Data for this task:

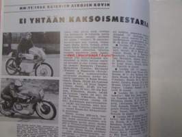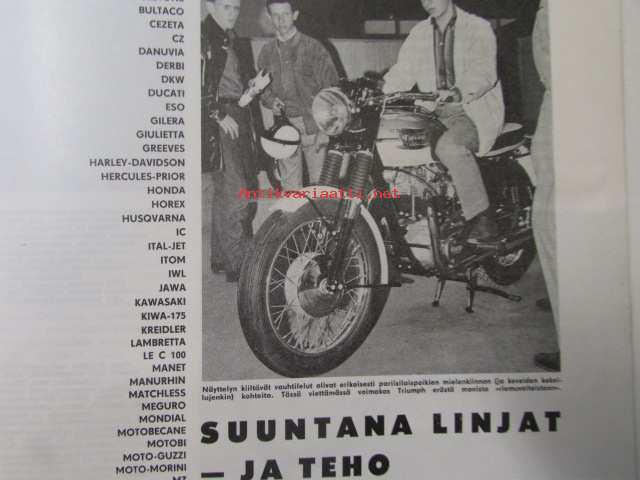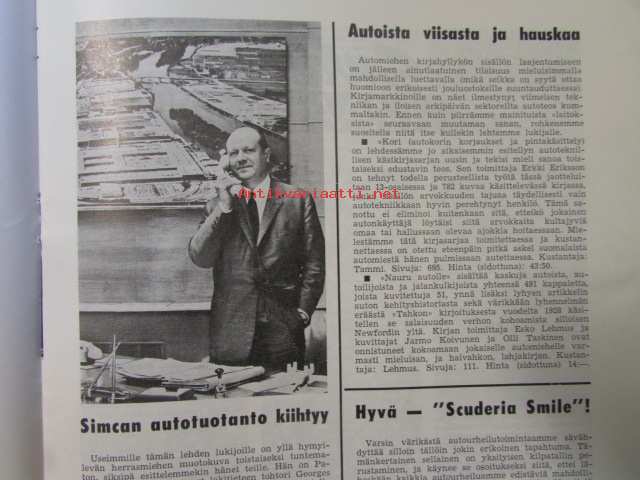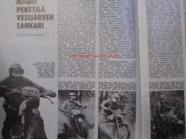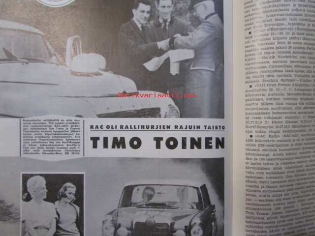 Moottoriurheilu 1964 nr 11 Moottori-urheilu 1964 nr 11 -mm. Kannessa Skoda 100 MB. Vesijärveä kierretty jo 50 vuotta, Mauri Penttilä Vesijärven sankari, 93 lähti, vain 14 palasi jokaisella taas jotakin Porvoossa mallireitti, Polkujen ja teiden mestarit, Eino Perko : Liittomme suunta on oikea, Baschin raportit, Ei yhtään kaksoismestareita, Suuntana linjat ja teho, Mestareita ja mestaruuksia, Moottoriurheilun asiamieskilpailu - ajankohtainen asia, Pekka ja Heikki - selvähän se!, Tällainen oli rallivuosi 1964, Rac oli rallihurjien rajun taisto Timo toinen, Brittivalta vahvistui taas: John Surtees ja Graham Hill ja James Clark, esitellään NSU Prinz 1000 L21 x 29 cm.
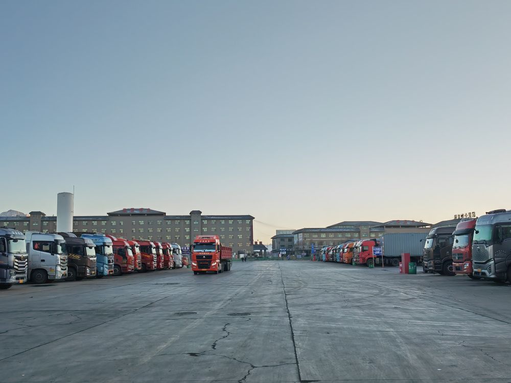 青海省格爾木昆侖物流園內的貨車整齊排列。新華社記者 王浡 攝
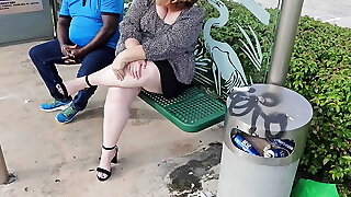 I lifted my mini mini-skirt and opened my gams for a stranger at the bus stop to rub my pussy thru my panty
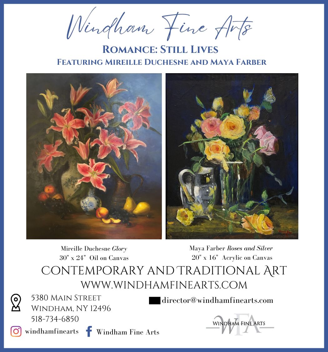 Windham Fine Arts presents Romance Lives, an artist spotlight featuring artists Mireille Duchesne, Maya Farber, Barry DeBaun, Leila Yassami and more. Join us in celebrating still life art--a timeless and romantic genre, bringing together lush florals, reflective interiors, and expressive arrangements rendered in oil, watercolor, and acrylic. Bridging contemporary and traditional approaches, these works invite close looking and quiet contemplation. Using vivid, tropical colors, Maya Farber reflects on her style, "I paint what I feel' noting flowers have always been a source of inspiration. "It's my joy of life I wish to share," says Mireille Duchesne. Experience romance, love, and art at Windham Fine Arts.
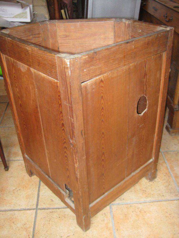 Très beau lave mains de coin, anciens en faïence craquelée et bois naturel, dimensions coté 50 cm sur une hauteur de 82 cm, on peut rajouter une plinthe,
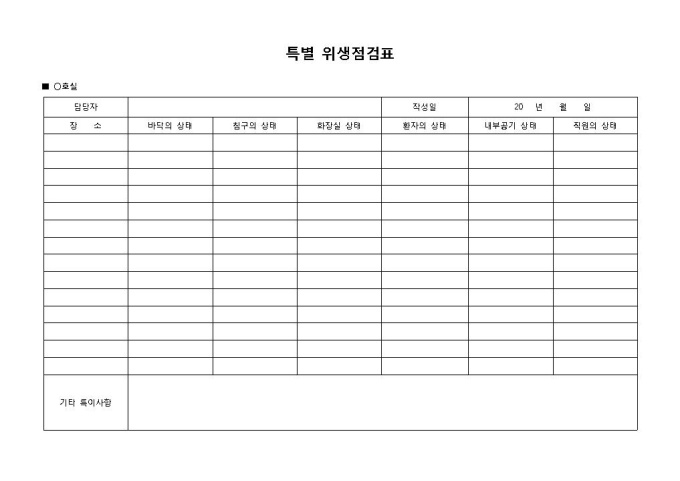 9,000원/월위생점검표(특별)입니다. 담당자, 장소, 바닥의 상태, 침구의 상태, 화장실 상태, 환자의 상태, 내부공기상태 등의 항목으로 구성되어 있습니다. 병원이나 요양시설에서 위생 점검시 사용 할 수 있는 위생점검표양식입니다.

==

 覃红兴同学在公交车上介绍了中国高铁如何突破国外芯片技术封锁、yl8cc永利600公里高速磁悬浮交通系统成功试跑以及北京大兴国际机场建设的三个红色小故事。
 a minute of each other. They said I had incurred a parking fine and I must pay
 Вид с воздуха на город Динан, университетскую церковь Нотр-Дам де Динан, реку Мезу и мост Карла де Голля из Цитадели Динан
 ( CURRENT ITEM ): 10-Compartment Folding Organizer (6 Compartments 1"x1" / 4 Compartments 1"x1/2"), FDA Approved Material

--

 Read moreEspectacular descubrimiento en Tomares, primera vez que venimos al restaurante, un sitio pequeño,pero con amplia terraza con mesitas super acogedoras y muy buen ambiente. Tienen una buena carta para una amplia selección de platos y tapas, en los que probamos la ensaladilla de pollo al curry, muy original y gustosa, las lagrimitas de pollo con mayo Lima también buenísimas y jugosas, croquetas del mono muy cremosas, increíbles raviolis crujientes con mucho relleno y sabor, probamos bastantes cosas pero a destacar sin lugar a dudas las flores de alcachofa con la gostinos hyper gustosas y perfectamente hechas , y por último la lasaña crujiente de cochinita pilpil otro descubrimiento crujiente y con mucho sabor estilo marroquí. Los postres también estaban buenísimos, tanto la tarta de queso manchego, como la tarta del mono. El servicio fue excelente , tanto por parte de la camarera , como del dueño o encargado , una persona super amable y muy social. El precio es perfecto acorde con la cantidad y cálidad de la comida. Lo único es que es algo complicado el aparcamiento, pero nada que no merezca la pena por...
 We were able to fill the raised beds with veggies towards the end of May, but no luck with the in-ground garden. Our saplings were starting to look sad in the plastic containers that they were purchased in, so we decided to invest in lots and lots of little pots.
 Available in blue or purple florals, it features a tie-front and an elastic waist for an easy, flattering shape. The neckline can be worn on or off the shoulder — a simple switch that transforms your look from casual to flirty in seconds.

Goal of the exercise: Look through the entries above. Copy each line in which the string "that" occurs.

Reply to the exercise:
 We were able to fill the raised beds with veggies towards the end of May, but no luck with the in-ground garden. Our saplings were starting to look sad in the plastic containers that they were purchased in, so we decided to invest in lots and lots of little pots.
 Available in blue or purple florals, it features a tie-front and an elastic waist for an easy, flattering shape. The neckline can be worn on or off the shoulder — a simple switch that transforms your look from casual to flirty in seconds.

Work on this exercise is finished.